There’s a pause as the implications of this sink in.

“You’re saying …” Aleksei says quietly. “The guy on this thing had wires in him? Like inside him?”

“Yeah,” I say quietly. “And they’d move him around on this pylon here —”

“Which was inserted into his spinal column and anus,” Punisher says helpfully.

“Right,” I say, glancing at Aleksei, who shudders.

“This is scary, Herman.”

“I know, Aleksei. We’re dealing with very scary people.”

Punisher notices something at the base of the device, and kneels down; it’s so small, miniscule even, half concealed by blood splatters, that I would’ve never noticed it.

“Huh,” says the Punisher, and beckons me to kneel beside him.

There, inscribed at the base, is the following:


I read it out loud.

“CSA,” Punisher says, annunciating each letter. “Now what the hell is that?”

I shrug, but then Aleksei speaks up.

“I know what that is,” he says, almost monotone. “It’s the Commission for Superhuman Activities.”

“The what?” I say, baffled.

“The Commission for Superhuman Activities. General Haywerth is on it. He was there when they put the suit on me.”

“Haywerth,” Punisher whispers. “I know that name. He’s part of the Trust.”

“The what?” I say again, feeling quite stupid right about now.

“The Trust.” Punisher stands up. “The organization that first had me freed from Ryker’s Island. I’ve never been able to find out anything about them, no matter how hard I look, save for the fact that some top military geeks were involved. I’ve got names, but no real details: General Slinkard, Colonel Harrison, General Haywerth, General Ross —”

I do the unthinkable. I interrupt the Punisher.

“Hold up. General Ross? Like ‘Thunderbolt’ Ross?”

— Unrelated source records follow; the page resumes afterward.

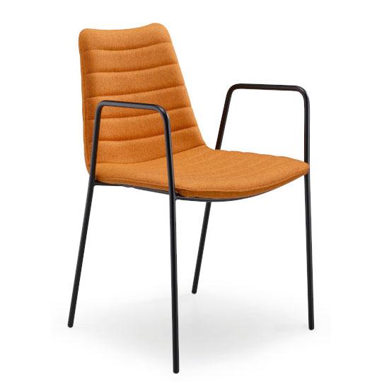 Cover armchair with four leg frame in chrome or lacquered metal. Shell upholstered with leather, faux leather or fabric.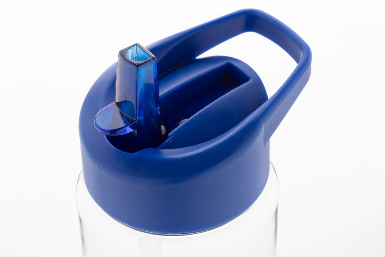 Sticlă sport RPET, cu capac de băut rabatabil din PP și pai integrat. 650 ml. Fără BPA. Nu este potrivit pentru băuturi carbogazoase.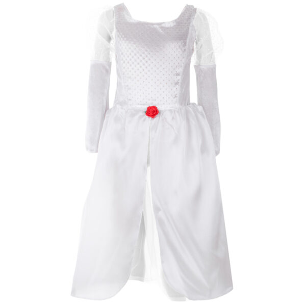 Strój Karnawałowy PANNA MŁODA Fantastyczne przebranie, które pozwoli każdej dziewczynce poczuć się jak prawdziwa Panna Młoda.Doskonały pomysł na prezent dla każdej dziewczynki.Strój Karnawałowy idealnie sprawdzi się jako przebranie dla malucha na różnego rodzaju imprezy karnawałowe, bale przebierańców, urodzinowe przyjęcia lub do codziennej zabawy.Zabawa w przebieranie się i odgrywanie różnych ról społecznych to nieodzowny element dzieciństwa.Dzieci chętnie wcielają się różne postacie i odgrywają scenki. Kostium pomoże w 100% wczuć się w rolę Panny Młodej.Zestaw z pewnością przyniesie mnóstwo zabawy i radości dla każdego dziecka.W tym niepowtarzalnym przebraniu każde dziecko poczuje się wyjątkowo i wzbudzi zazdrość swoich rówieśników. Kostium może być wykorzystywany w celach prywatnych i komercyjnych. Zestaw świetnie sprawdzi się podczas występów teatralnych czy też sesji zdjęciowych. Kostium pozwoli każdej dziewczynce poczuć się jak prawdziwa Panna Młoda.Strój składa się z:- białej sukni z długimi rękawami ozdobionej czerwoną różyczką umieszczoną w pasie,- białego welonu umieszczonego na opasce.Kostium świetnie się sprawdzi również do codziennych zabaw. Wymiary stroju mierzone na płasko:- całkowita długość sukienki ok 70 cm,- szerokość pod pachami 26cm, - długość rękawa od pachami ok 30 cm,- długość rękawa od ramienia ok 40 cm,- szerokość w pasie ( w miejscu gumki) ok 20 cm,- długość do wysokości umieszczenia gumki ok 25 cm, Strój zapakowany w foliowe opakowanie na zatrzaski, które ułatwi przechowywanie.Idealny rozmiar dla dzieci od 3 do 6 lat.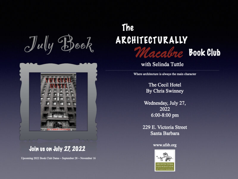 Gather with us for this FREE in person book club event at the historic Acheson House: the perfect venue to share the architecture of life, death, love, art and scandal at the Cecil Hotel.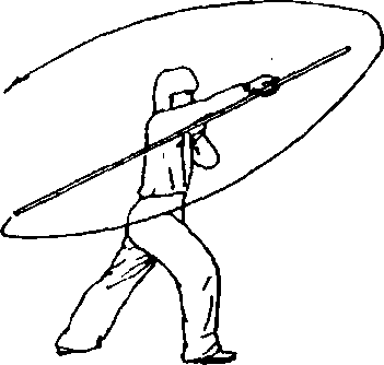 ②身体继续左转,重心左移;同时,左手换把,虎口朝棍 梢,两手持棍向左平绕一周(图96)。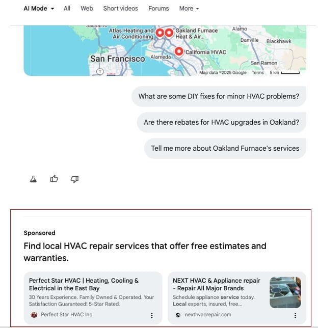 Right now, the implementation is subtle. Users are reporting that these ads currently appear at the very bottom of the response, particularly for local services like plumbers or HVAC repair. It’s not driving a firehose of traffic yet, but it is a big deal: this is the first time you can pay to influence the result of an AI’s “thought process” rather than just bidding on the keyword that started it.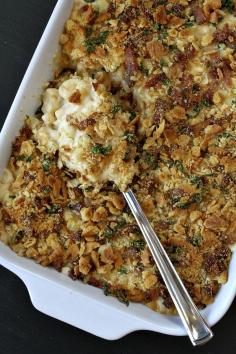 This simple Macaroni and Cheese recipe is topped with Bacon- Ritz Cracker Crumbs and baked until golden brown. Photographs included.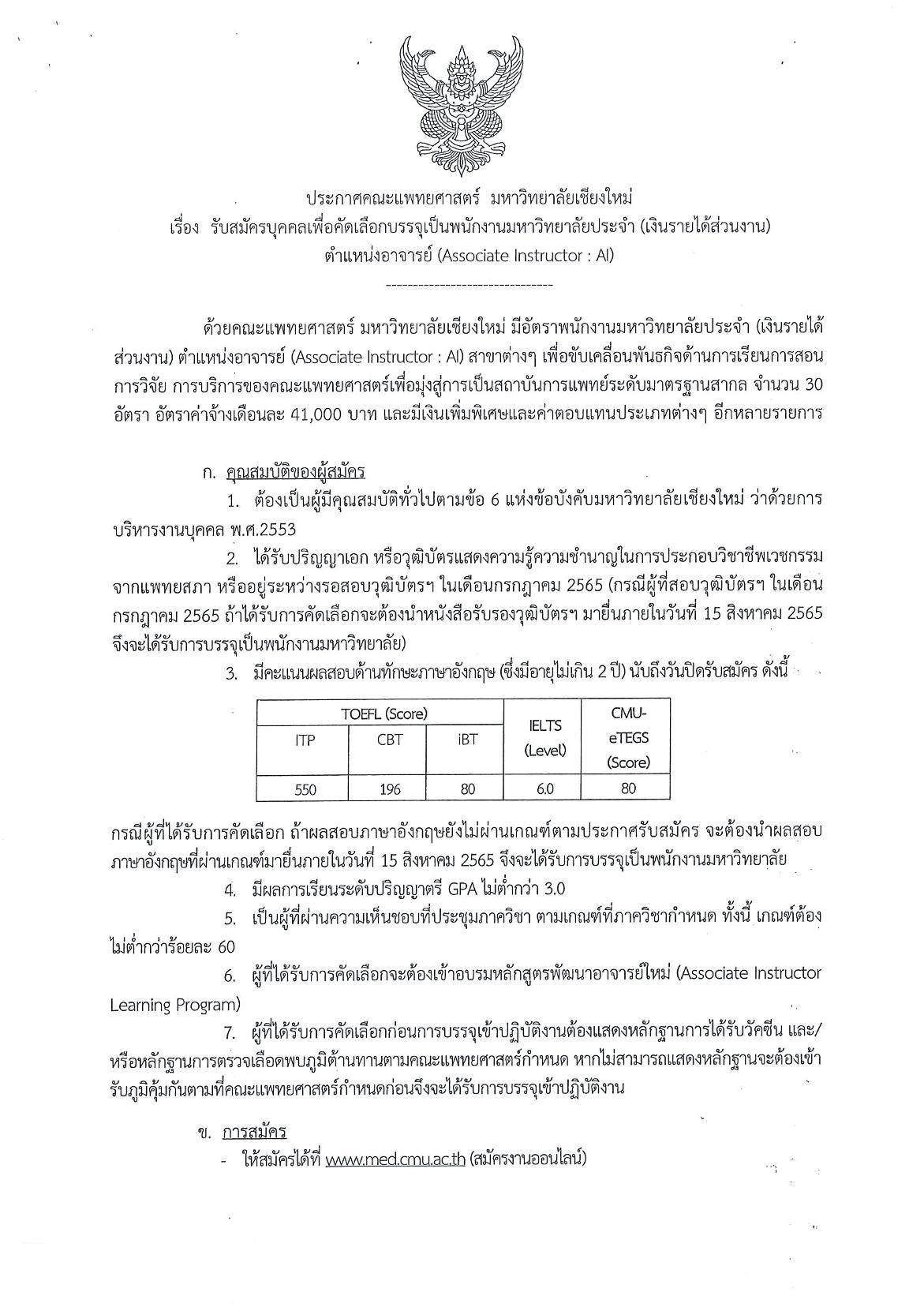คณะแพทยศาสตร์ มหาวิทยาลัยเชียงใหม่ รับสมัคร อาจารย์ หลากหลายสาขา 30 อัตรา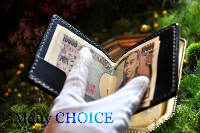 イタリアンレザー・帝王ブッテーロ・マネークリップ(紺)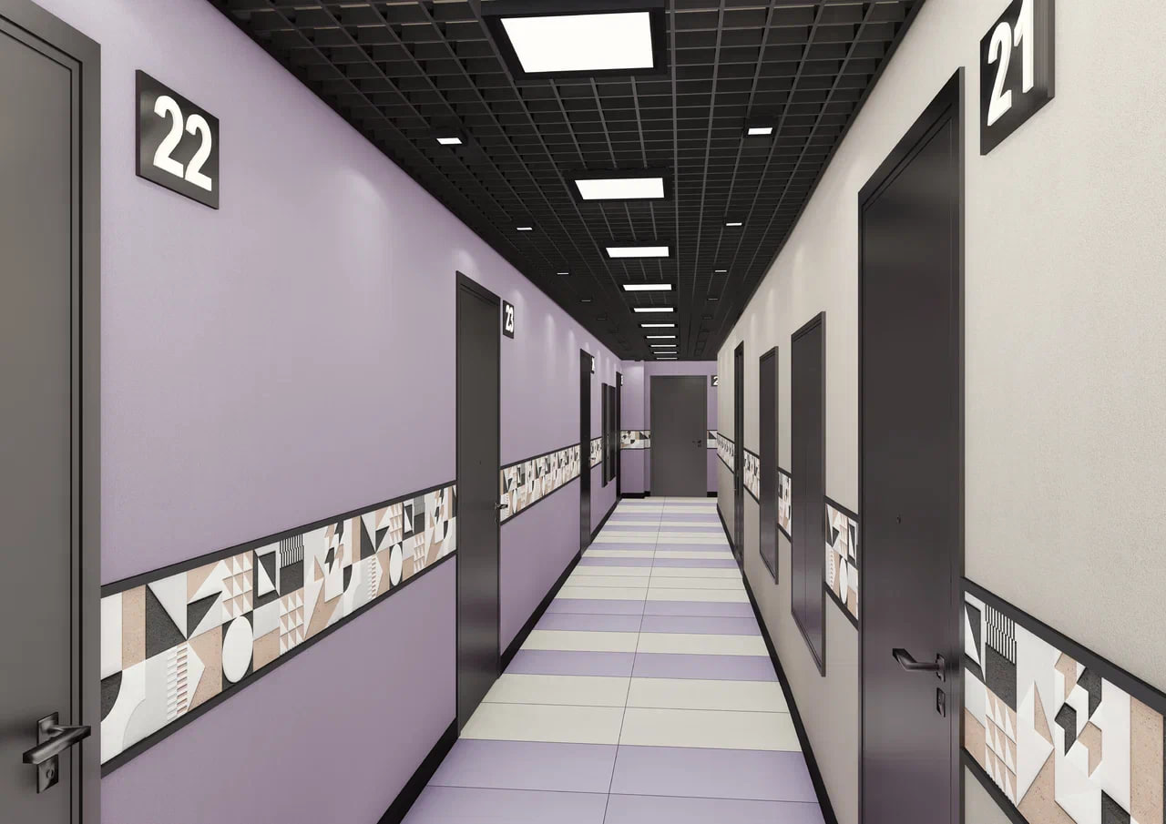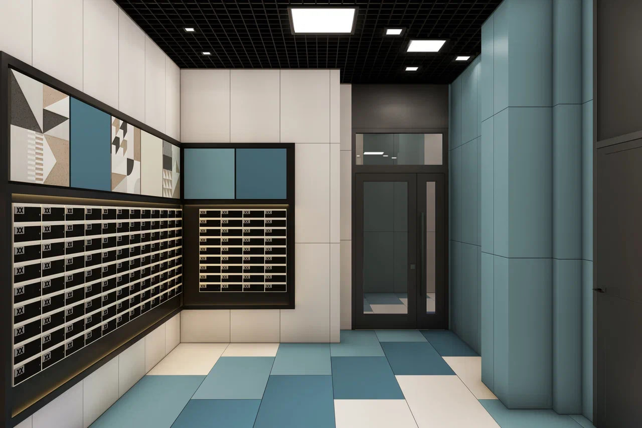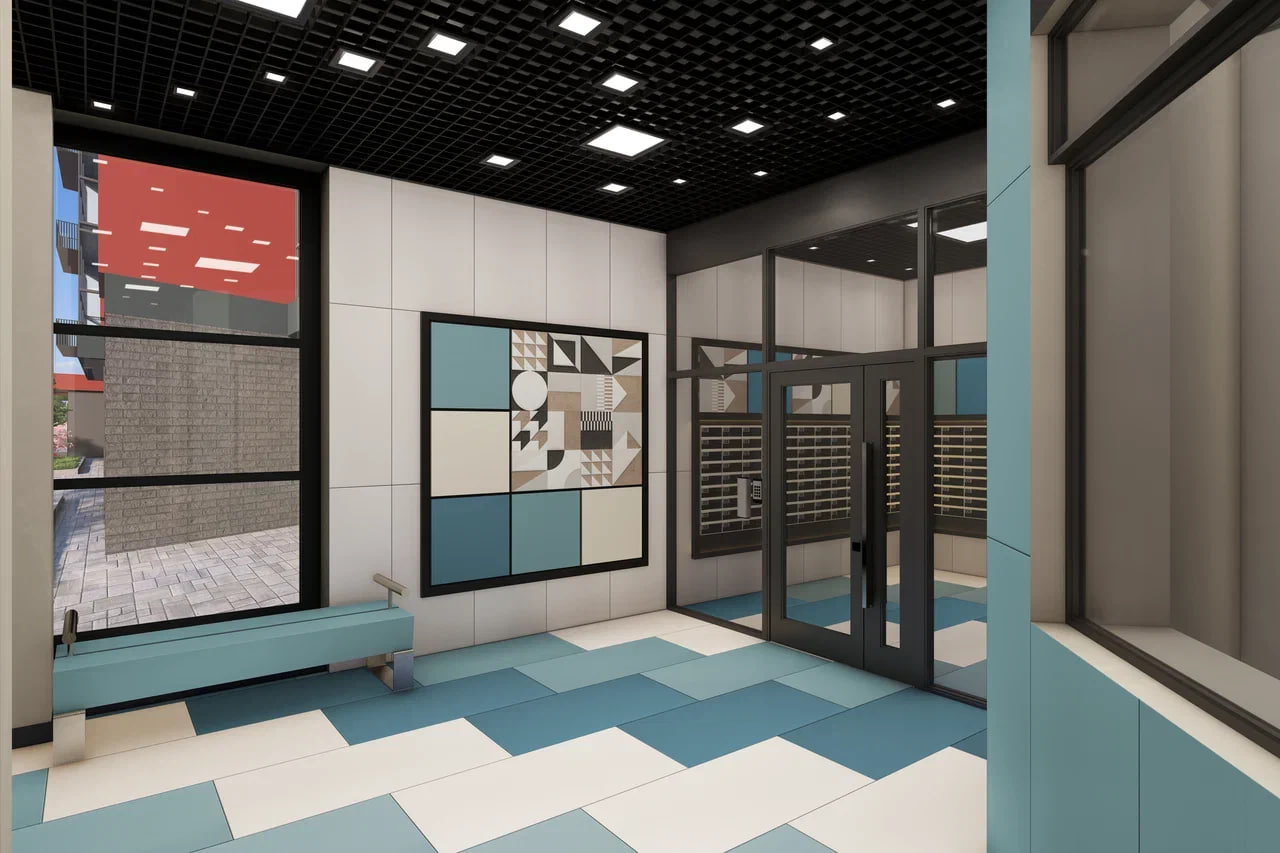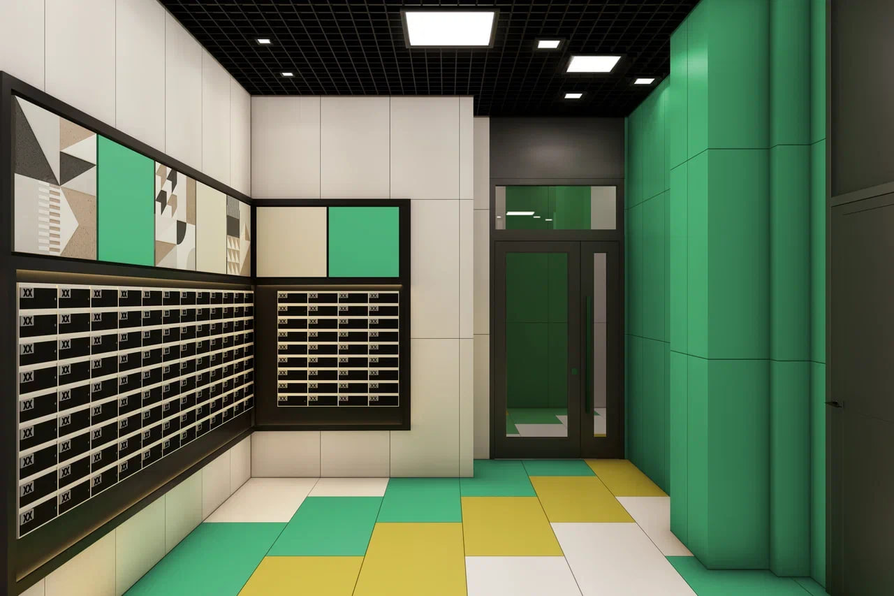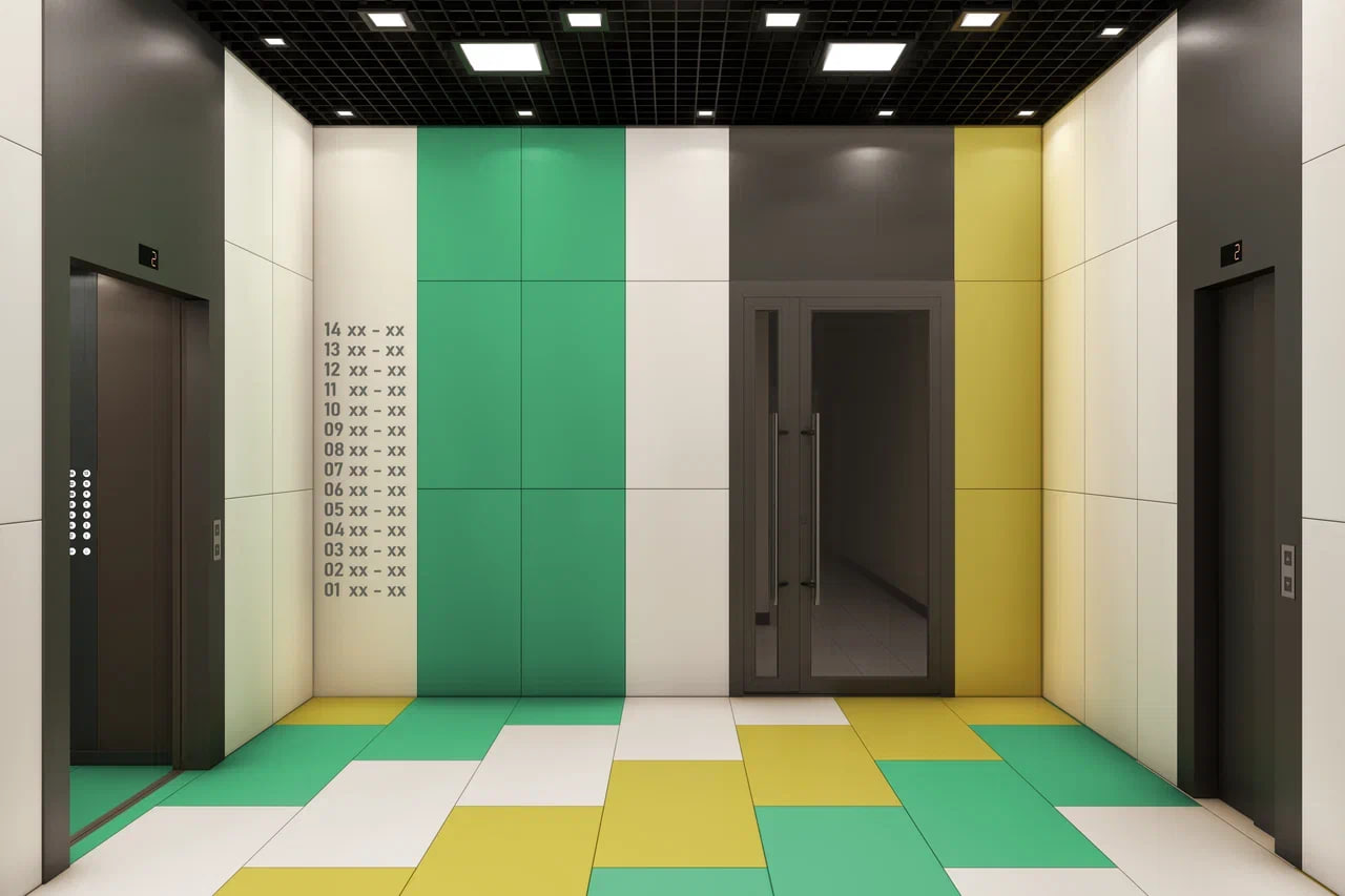 Кроме того, в новом доме № 30 застройщик вдохнул в дизайн мест общего пользования свежую идею. Благодаря акценту на трех пастельных цветах: сиреневом, сине-сером и зеленом, получился уникальный и сбалансированный стиль.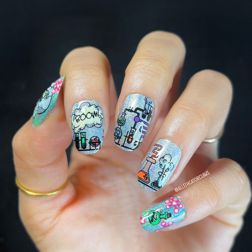 • CRAZY FOR SCIENCE: It's time to get a little mad with your nails and this lab-inspired stamping plate.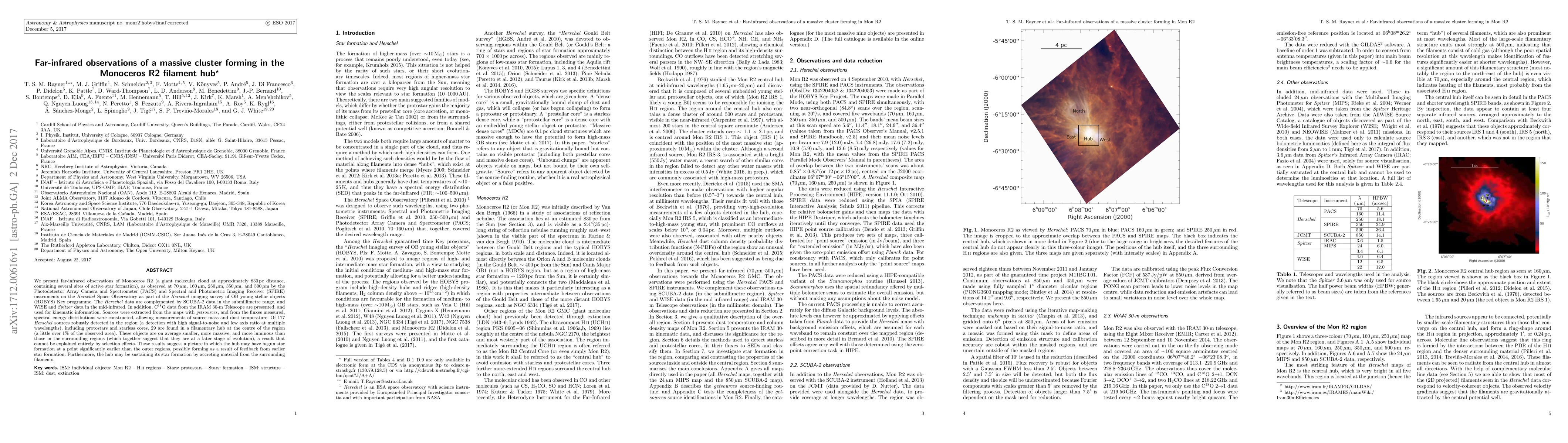This study uses Herschel Space Observatory data to observe the Monoceros R2 filament hub, revealing 29 dense, massive, and luminous sources within a central filamentary region. These findings suggest that star formation in the hub began earlier and may be sustained by material accretion from surrounding filaments.

Punisher lights a cigarette.

“Yeah,” he growls.

“Yeah, that’s them,” Aleksei says. “Them’s the guys who put the suit on me.”

He’s got this odd, hollow tone; his eyes are blank, too.

“Wait, wait …” I say, throwing up my hands. “I thought the KGB put the suit on you?”

“They did,” Aleksei says, and then pauses. “I mean, I think they did.” Another pause. “My head hurts.”

I look to the Punisher, who stays quiet, looking evenly back at me.

“Schultz …” he says, and touches his temple. “This is getting very interesting.”